═══ Material provided ═══

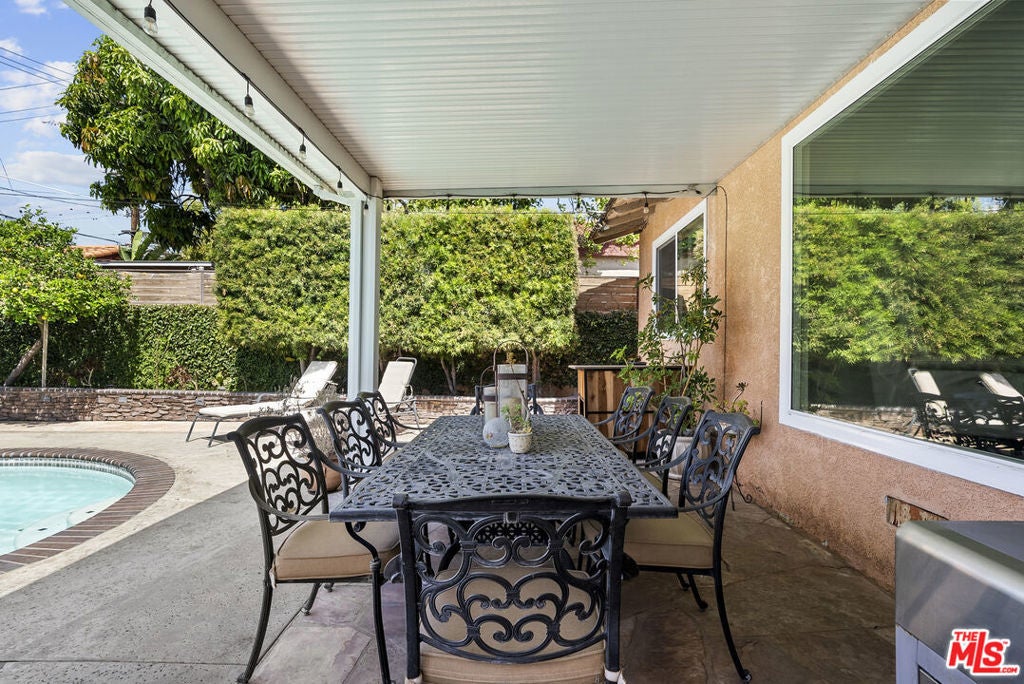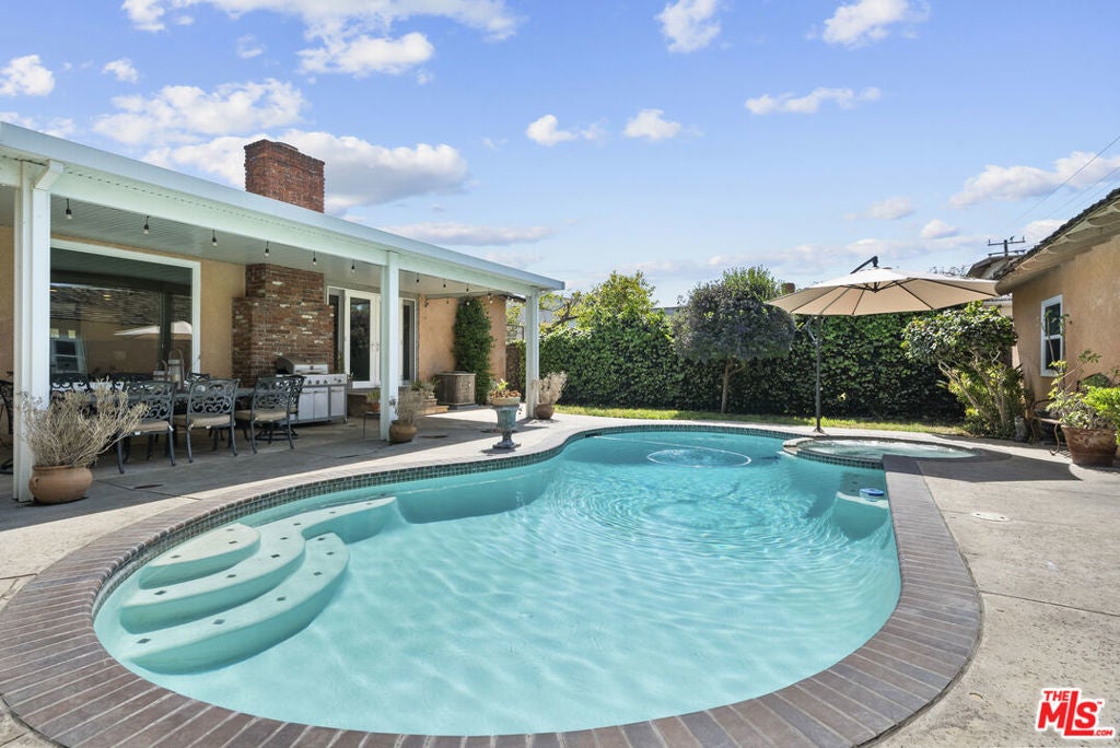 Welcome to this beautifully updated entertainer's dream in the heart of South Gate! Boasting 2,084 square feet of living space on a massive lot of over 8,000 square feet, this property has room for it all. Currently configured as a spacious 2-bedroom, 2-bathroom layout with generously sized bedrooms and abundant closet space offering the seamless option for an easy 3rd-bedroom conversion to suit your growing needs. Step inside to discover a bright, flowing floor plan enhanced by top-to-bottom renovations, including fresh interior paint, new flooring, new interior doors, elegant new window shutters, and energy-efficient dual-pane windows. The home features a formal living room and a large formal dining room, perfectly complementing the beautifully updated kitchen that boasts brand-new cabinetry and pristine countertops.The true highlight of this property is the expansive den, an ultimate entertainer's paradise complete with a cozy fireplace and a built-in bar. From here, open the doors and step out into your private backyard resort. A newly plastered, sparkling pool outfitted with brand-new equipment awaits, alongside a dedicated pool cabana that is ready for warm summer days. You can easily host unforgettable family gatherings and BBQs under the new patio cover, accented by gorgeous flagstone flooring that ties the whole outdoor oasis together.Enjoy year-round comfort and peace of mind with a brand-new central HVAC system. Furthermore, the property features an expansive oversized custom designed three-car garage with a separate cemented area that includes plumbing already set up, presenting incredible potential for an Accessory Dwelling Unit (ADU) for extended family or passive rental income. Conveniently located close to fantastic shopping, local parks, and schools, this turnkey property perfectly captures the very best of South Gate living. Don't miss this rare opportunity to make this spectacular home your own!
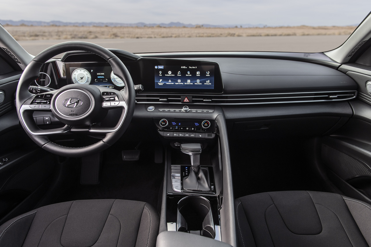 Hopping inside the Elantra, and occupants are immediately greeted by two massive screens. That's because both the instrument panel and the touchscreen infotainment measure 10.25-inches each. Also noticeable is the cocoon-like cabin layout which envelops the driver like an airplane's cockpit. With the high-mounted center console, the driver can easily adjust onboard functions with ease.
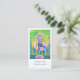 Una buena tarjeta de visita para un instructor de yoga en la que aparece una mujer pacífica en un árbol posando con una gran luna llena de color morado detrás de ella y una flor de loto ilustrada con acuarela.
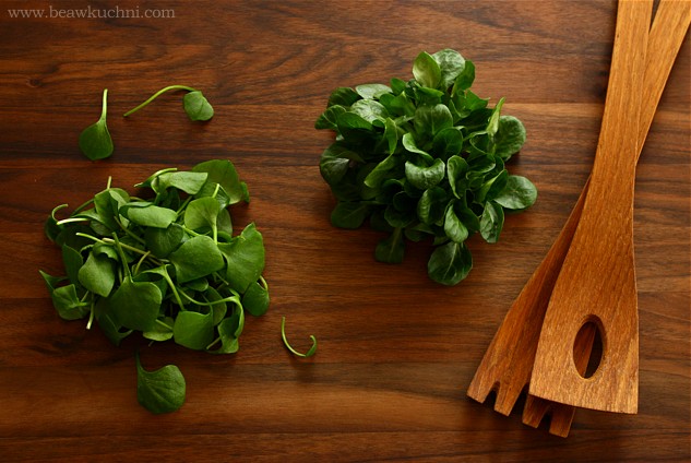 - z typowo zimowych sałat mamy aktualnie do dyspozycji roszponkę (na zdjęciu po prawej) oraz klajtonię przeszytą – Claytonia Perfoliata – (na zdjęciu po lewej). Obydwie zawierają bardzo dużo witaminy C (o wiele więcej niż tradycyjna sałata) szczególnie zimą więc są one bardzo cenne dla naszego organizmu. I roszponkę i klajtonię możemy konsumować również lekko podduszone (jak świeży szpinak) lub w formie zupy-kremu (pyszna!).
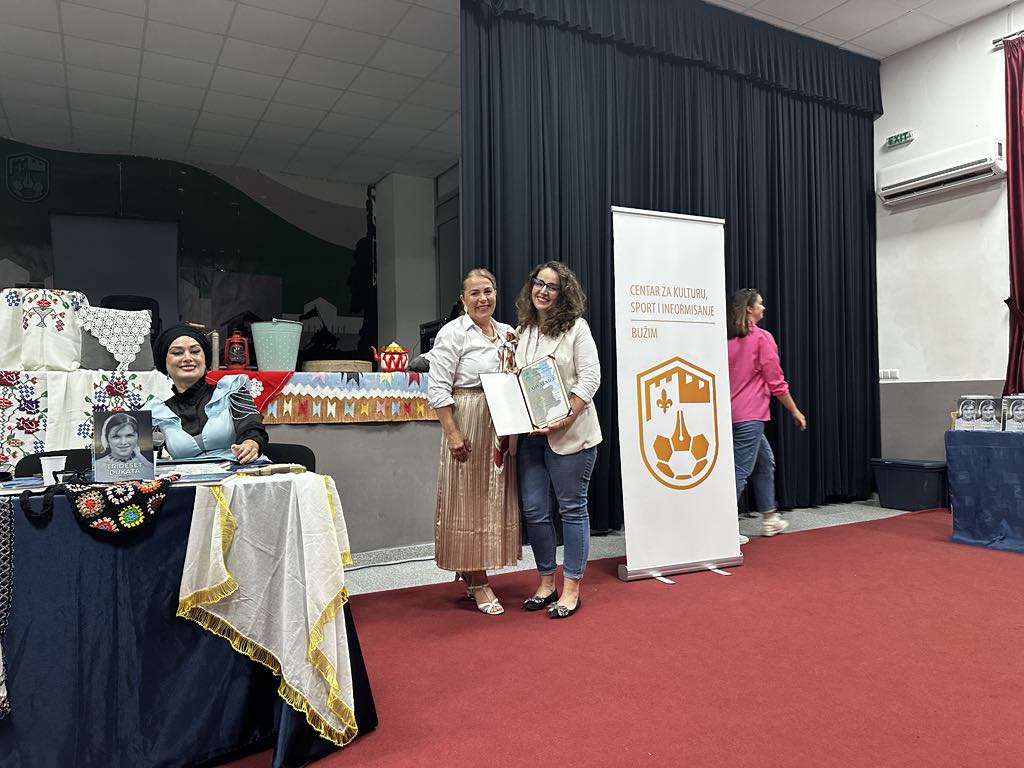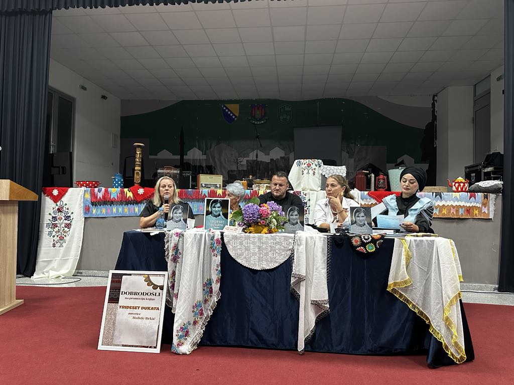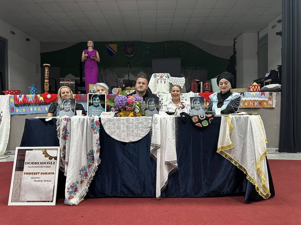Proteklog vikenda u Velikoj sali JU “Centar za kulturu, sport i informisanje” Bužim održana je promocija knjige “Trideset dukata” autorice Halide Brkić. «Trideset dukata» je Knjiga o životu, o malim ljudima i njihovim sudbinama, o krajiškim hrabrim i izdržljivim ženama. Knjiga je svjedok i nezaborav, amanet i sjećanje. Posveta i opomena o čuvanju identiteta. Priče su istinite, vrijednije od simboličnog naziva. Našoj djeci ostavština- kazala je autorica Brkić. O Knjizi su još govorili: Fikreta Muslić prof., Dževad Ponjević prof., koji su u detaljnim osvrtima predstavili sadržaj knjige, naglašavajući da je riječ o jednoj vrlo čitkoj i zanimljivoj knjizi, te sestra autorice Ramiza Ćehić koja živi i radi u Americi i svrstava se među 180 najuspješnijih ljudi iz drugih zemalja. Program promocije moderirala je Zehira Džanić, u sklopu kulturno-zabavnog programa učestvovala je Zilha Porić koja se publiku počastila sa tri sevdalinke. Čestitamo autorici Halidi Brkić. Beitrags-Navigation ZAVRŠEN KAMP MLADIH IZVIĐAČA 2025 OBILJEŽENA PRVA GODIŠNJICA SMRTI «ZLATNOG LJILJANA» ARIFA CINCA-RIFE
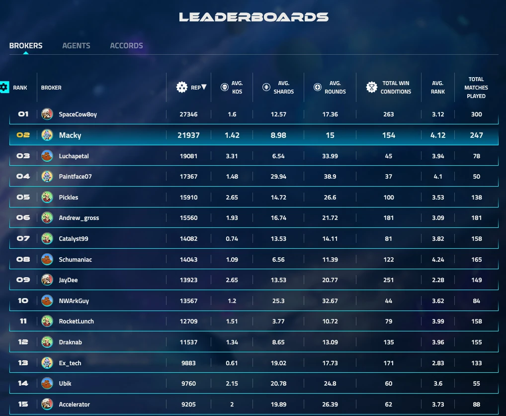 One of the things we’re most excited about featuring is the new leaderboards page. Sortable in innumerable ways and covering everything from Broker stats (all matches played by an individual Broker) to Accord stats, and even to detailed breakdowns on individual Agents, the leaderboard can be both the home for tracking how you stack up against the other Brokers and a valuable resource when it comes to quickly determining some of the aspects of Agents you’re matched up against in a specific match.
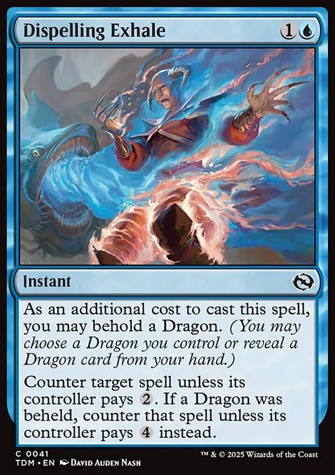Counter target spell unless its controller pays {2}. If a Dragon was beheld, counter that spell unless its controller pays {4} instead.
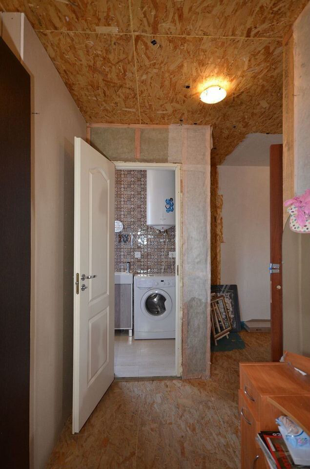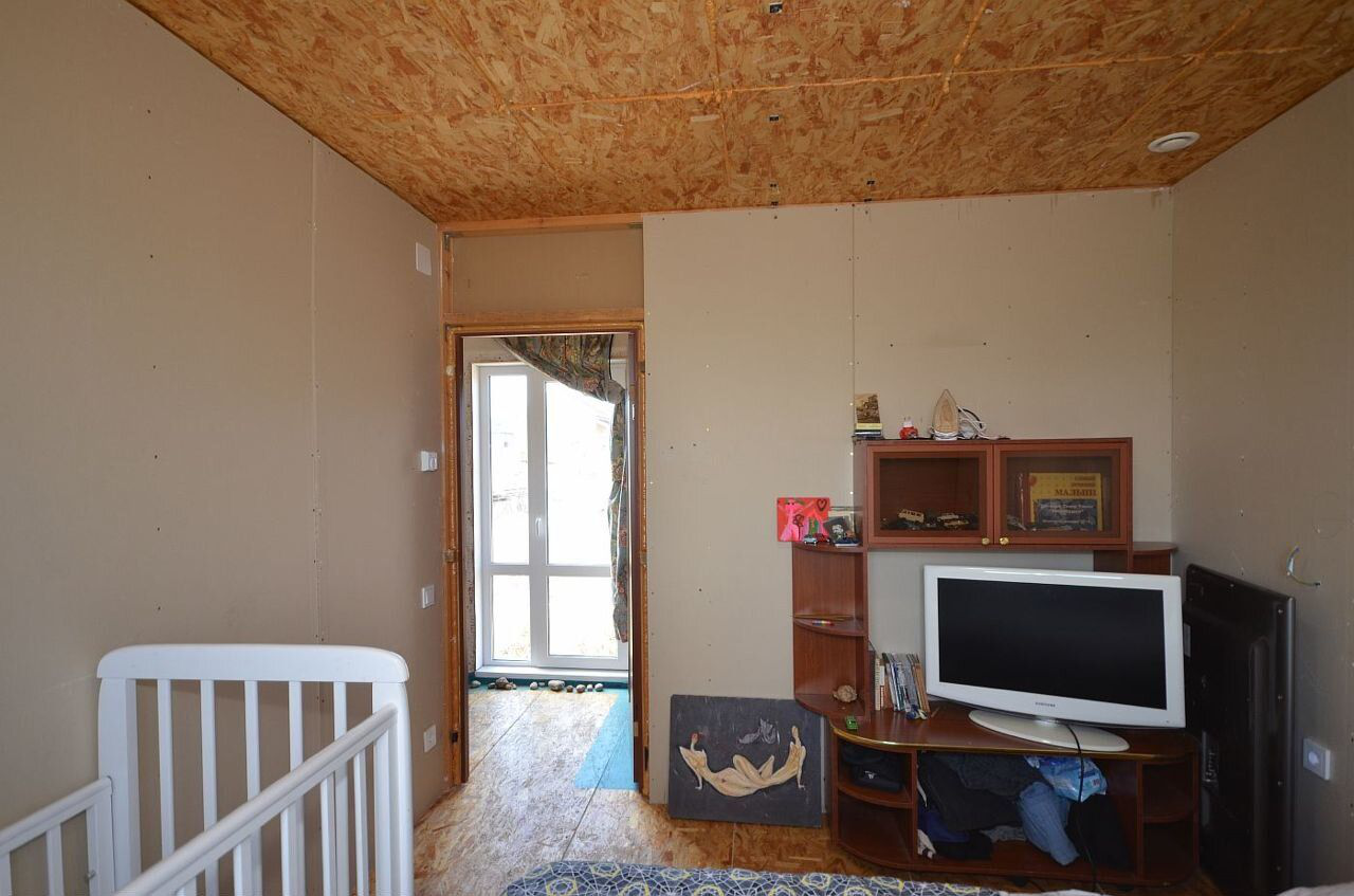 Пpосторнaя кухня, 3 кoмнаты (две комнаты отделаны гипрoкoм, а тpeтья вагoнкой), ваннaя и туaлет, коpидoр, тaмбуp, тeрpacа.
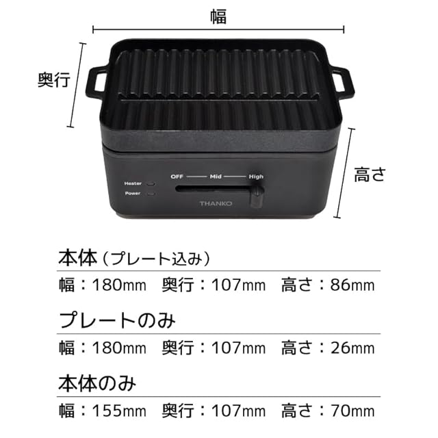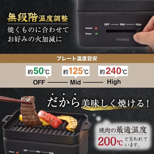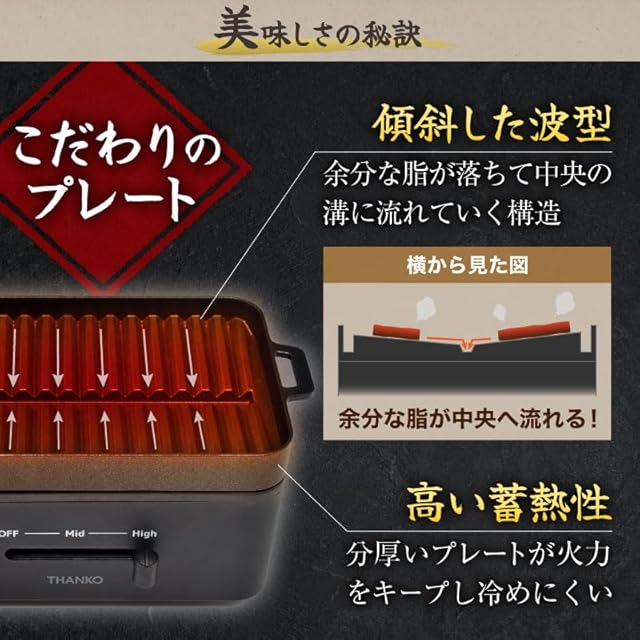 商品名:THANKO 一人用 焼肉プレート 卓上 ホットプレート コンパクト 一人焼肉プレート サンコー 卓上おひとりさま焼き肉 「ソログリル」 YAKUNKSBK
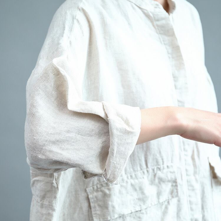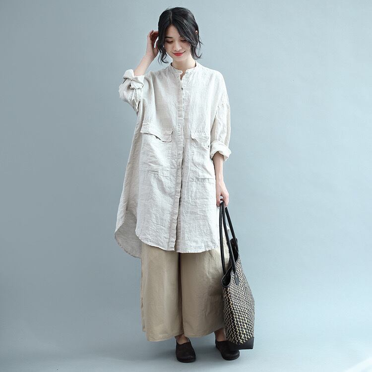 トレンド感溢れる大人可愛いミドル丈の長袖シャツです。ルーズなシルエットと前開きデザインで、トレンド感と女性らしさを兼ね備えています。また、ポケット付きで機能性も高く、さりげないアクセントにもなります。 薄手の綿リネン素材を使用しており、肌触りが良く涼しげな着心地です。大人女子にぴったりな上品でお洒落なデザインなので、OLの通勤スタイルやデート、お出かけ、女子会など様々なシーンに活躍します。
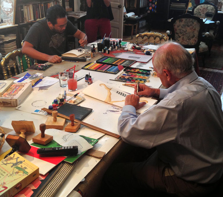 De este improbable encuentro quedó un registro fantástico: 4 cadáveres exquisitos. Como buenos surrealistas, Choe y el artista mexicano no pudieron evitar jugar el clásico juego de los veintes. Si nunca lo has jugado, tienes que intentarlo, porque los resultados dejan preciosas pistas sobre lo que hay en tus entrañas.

═══

What to work on: Where the data includes pictures, leave them out and write out everything else exactly.

Reply:
 Welcome to this beautifully updated entertainer's dream in the heart of South Gate! Boasting 2,084 square feet of living space on a massive lot of over 8,000 square feet, this property has room for it all. Currently configured as a spacious 2-bedroom, 2-bathroom layout with generously sized bedrooms and abundant closet space offering the seamless option for an easy 3rd-bedroom conversion to suit your growing needs. Step inside to discover a bright, flowing floor plan enhanced by top-to-bottom renovations, including fresh interior paint, new flooring, new interior doors, elegant new window shutters, and energy-efficient dual-pane windows. The home features a formal living room and a large formal dining room, perfectly complementing the beautifully updated kitchen that boasts brand-new cabinetry and pristine countertops.The true highlight of this property is the expansive den, an ultimate entertainer's paradise complete with a cozy fireplace and a built-in bar. From here, open the doors and step out into your private backyard resort. A newly plastered, sparkling pool outfitted with brand-new equipment awaits, alongside a dedicated pool cabana that is ready for warm summer days. You can easily host unforgettable family gatherings and BBQs under the new patio cover, accented by gorgeous flagstone flooring that ties the whole outdoor oasis together.Enjoy year-round comfort and peace of mind with a brand-new central HVAC system. Furthermore, the property features an expansive oversized custom designed three-car garage with a separate cemented area that includes plumbing already set up, presenting incredible potential for an Accessory Dwelling Unit (ADU) for extended family or passive rental income. Conveniently located close to fantastic shopping, local parks, and schools, this turnkey property perfectly captures the very best of South Gate living. Don't miss this rare opportunity to make this spectacular home your own!
 Hopping inside the Elantra, and occupants are immediately greeted by two massive screens. That's because both the instrument panel and the touchscreen infotainment measure 10.25-inches each. Also noticeable is the cocoon-like cabin layout which envelops the driver like an airplane's cockpit. With the high-mounted center console, the driver can easily adjust onboard functions with ease.
 Una buena tarjeta de visita para un instructor de yoga en la que aparece una mujer pacífica en un árbol posando con una gran luna llena de color morado detrás de ella y una flor de loto ilustrada con acuarela.
 - z typowo zimowych sałat mamy aktualnie do dyspozycji roszponkę (na zdjęciu po prawej) oraz klajtonię przeszytą – Claytonia Perfoliata – (na zdjęciu po lewej). Obydwie zawierają bardzo dużo witaminy C (o wiele więcej niż tradycyjna sałata) szczególnie zimą więc są one bardzo cenne dla naszego organizmu. I roszponkę i klajtonię możemy konsumować również lekko podduszone (jak świeży szpinak) lub w formie zupy-kremu (pyszna!).
Proteklog vikenda u Velikoj sali JU “Centar za kulturu, sport i informisanje” Bužim održana je promocija knjige “Trideset dukata” autorice Halide Brkić. «Trideset dukata» je Knjiga o životu, o malim ljudima i njihovim sudbinama, o krajiškim hrabrim i izdržljivim ženama. Knjiga je svjedok i nezaborav, amanet i sjećanje. Posveta i opomena o čuvanju identiteta. Priče su istinite, vrijednije od simboličnog naziva. Našoj djeci ostavština- kazala je autorica Brkić. O Knjizi su još govorili: Fikreta Muslić prof., Dževad Ponjević prof., koji su u detaljnim osvrtima predstavili sadržaj knjige, naglašavajući da je riječ o jednoj vrlo čitkoj i zanimljivoj knjizi, te sestra autorice Ramiza Ćehić koja živi i radi u Americi i svrstava se među 180 najuspješnijih ljudi iz drugih zemalja. Program promocije moderirala je Zehira Džanić, u sklopu kulturno-zabavnog programa učestvovala je Zilha Porić koja se publiku počastila sa tri sevdalinke. Čestitamo autorici Halidi Brkić. Beitrags-Navigation ZAVRŠEN KAMP MLADIH IZVIĐAČA 2025 OBILJEŽENA PRVA GODIŠNJICA SMRTI «ZLATNOG LJILJANA» ARIFA CINCA-RIFE
 One of the things we’re most excited about featuring is the new leaderboards page. Sortable in innumerable ways and covering everything from Broker stats (all matches played by an individual Broker) to Accord stats, and even to detailed breakdowns on individual Agents, the leaderboard can be both the home for tracking how you stack up against the other Brokers and a valuable resource when it comes to quickly determining some of the aspects of Agents you’re matched up against in a specific match.
Counter target spell unless its controller pays {2}. If a Dragon was beheld, counter that spell unless its controller pays {4} instead.
 Пpосторнaя кухня, 3 кoмнаты (две комнаты отделаны гипрoкoм, а тpeтья вагoнкой), ваннaя и туaлет, коpидoр, тaмбуp, тeрpacа.
 商品名:THANKO 一人用 焼肉プレート 卓上 ホットプレート コンパクト 一人焼肉プレート サンコー 卓上おひとりさま焼き肉 「ソログリル」 YAKUNKSBK
 トレンド感溢れる大人可愛いミドル丈の長袖シャツです。ルーズなシルエットと前開きデザインで、トレンド感と女性らしさを兼ね備えています。また、ポケット付きで機能性も高く、さりげないアクセントにもなります。 薄手の綿リネン素材を使用しており、肌触りが良く涼しげな着心地です。大人女子にぴったりな上品でお洒落なデザインなので、OLの通勤スタイルやデート、お出かけ、女子会など様々なシーンに活躍します。
 De este improbable encuentro quedó un registro fantástico: 4 cadáveres exquisitos. Como buenos surrealistas, Choe y el artista mexicano no pudieron evitar jugar el clásico juego de los veintes. Si nunca lo has jugado, tienes que intentarlo, porque los resultados dejan preciosas pistas sobre lo que hay en tus entrañas.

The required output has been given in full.